• _Assigned task_: Retype nothing except the lines below from the one with "Tatar mit pikanten" through the one with "Three pillars in", exactly, with images left out.

• _Task inputs_:
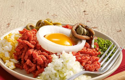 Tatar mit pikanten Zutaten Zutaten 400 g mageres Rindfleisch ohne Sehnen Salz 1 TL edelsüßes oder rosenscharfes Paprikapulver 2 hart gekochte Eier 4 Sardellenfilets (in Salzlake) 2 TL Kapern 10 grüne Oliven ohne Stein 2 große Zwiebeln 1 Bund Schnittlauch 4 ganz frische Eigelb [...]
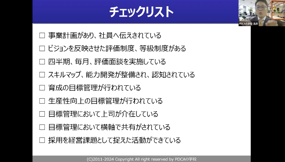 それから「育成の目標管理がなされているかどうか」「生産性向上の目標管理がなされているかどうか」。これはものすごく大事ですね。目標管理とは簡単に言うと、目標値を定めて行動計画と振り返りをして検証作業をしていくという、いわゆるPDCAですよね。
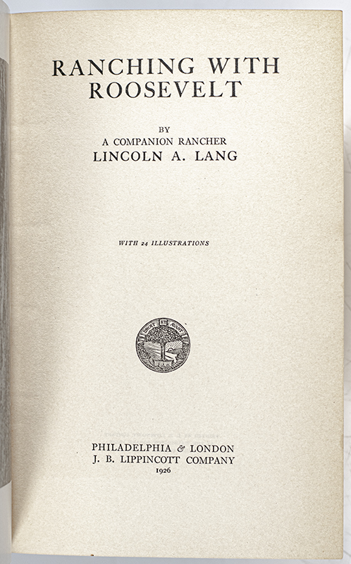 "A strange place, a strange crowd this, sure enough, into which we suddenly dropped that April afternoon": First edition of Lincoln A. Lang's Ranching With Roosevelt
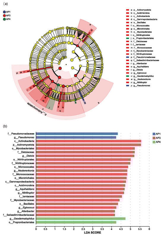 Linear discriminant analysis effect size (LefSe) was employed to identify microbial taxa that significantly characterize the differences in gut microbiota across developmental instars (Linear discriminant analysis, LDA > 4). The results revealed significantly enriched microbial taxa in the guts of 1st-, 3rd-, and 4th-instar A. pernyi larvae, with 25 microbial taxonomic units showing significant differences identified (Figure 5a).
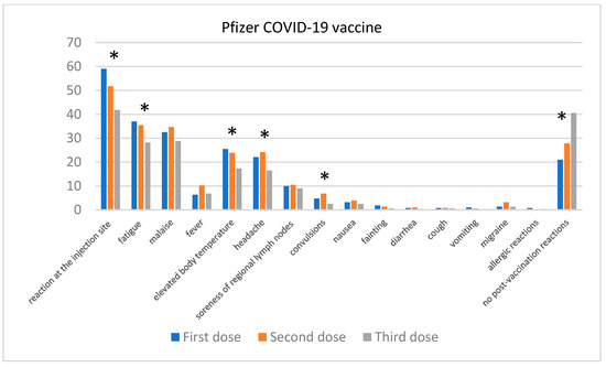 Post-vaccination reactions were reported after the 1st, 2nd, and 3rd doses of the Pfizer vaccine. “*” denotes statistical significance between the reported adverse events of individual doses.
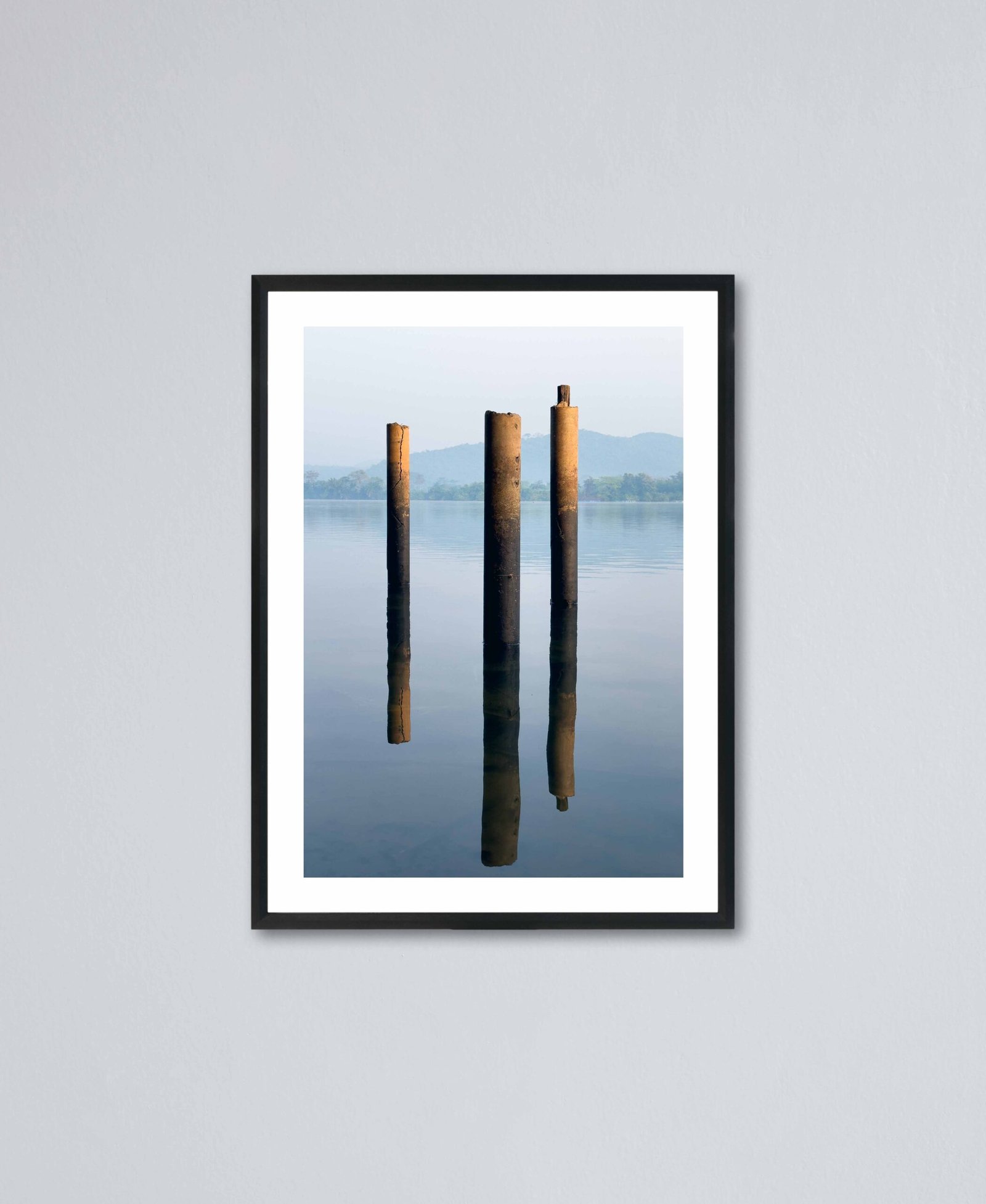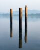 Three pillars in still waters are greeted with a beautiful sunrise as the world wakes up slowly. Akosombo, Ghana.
...
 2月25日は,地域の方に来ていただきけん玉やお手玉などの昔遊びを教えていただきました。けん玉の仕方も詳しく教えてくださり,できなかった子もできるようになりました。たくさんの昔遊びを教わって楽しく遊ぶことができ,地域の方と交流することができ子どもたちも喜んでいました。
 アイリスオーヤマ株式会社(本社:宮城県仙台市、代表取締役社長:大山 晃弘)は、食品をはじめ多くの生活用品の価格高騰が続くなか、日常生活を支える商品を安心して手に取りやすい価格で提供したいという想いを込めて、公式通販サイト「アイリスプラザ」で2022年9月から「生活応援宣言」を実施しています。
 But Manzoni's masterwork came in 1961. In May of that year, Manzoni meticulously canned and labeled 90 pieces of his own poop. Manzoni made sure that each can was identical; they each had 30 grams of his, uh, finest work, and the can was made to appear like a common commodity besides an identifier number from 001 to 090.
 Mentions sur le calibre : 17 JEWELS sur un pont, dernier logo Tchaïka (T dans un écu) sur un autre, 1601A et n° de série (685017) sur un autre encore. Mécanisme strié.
--
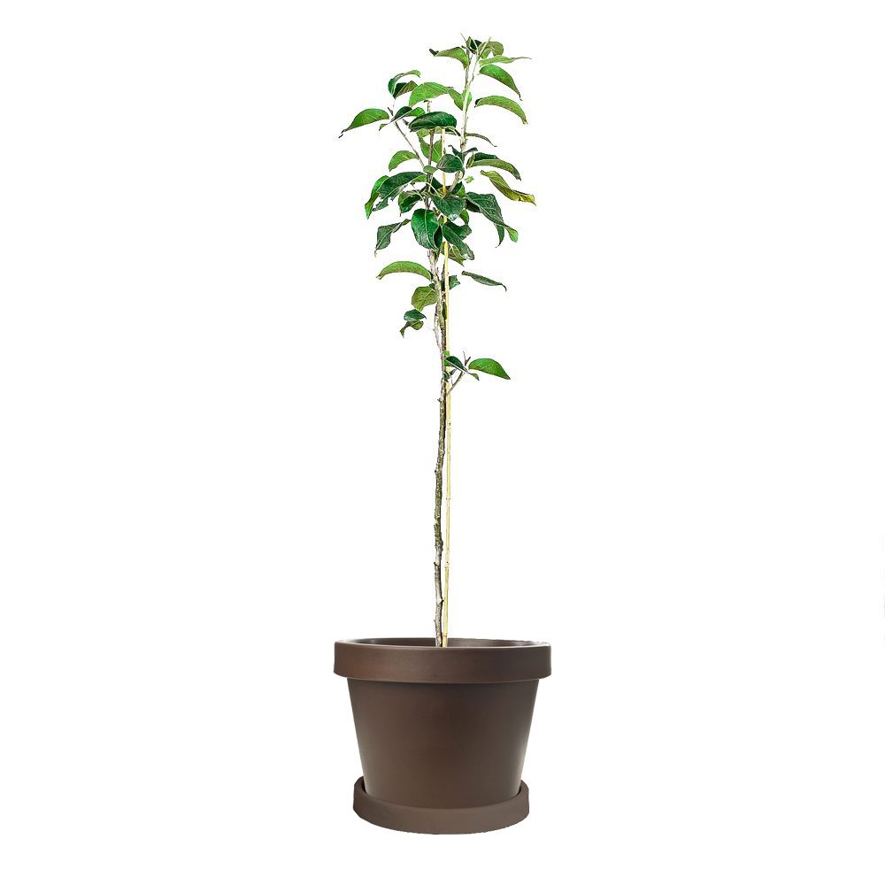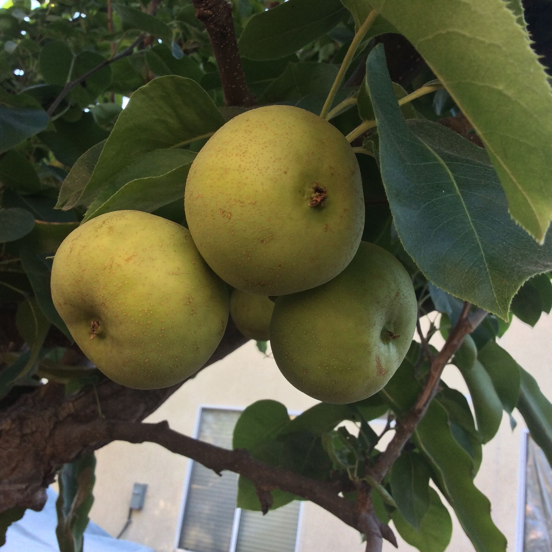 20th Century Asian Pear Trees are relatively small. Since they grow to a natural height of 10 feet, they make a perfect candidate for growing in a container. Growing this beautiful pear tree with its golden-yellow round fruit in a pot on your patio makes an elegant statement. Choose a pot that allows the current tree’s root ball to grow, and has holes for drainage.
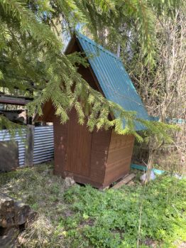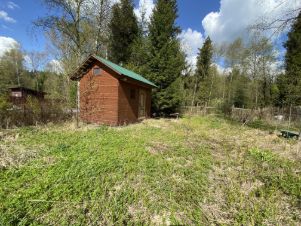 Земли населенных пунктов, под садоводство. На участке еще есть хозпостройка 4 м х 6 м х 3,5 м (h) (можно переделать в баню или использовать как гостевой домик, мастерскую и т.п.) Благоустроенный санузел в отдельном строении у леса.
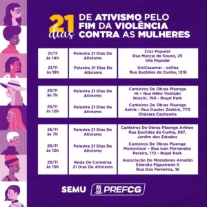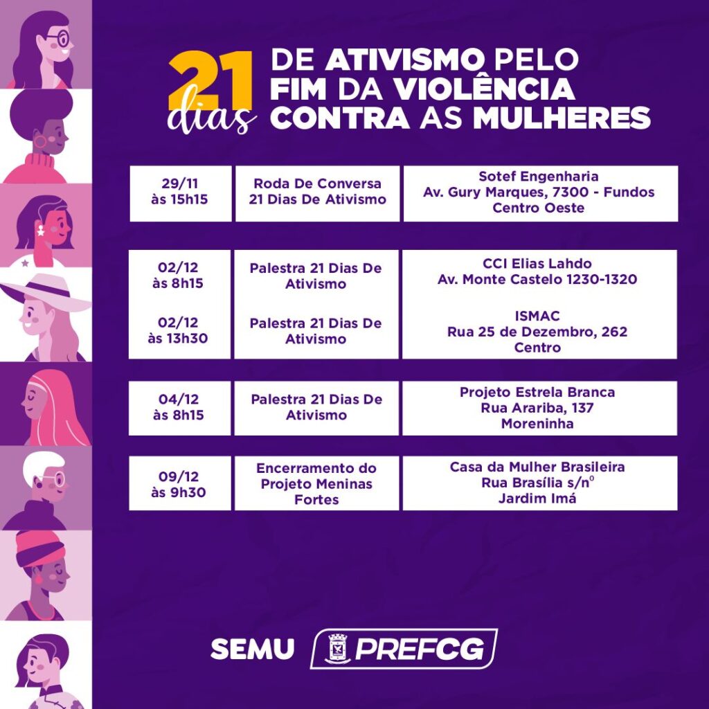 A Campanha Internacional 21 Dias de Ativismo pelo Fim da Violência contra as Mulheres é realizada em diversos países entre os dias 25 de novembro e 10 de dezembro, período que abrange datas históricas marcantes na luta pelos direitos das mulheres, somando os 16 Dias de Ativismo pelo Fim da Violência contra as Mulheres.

• _Solution for this task_:
 Tatar mit pikanten Zutaten Zutaten 400 g mageres Rindfleisch ohne Sehnen Salz 1 TL edelsüßes oder rosenscharfes Paprikapulver 2 hart gekochte Eier 4 Sardellenfilets (in Salzlake) 2 TL Kapern 10 grüne Oliven ohne Stein 2 große Zwiebeln 1 Bund Schnittlauch 4 ganz frische Eigelb [...]
 それから「育成の目標管理がなされているかどうか」「生産性向上の目標管理がなされているかどうか」。これはものすごく大事ですね。目標管理とは簡単に言うと、目標値を定めて行動計画と振り返りをして検証作業をしていくという、いわゆるPDCAですよね。
 "A strange place, a strange crowd this, sure enough, into which we suddenly dropped that April afternoon": First edition of Lincoln A. Lang's Ranching With Roosevelt
 Linear discriminant analysis effect size (LefSe) was employed to identify microbial taxa that significantly characterize the differences in gut microbiota across developmental instars (Linear discriminant analysis, LDA > 4). The results revealed significantly enriched microbial taxa in the guts of 1st-, 3rd-, and 4th-instar A. pernyi larvae, with 25 microbial taxonomic units showing significant differences identified (Figure 5a).
 Post-vaccination reactions were reported after the 1st, 2nd, and 3rd doses of the Pfizer vaccine. “*” denotes statistical significance between the reported adverse events of individual doses.
 Three pillars in still waters are greeted with a beautiful sunrise as the world wakes up slowly. Akosombo, Ghana.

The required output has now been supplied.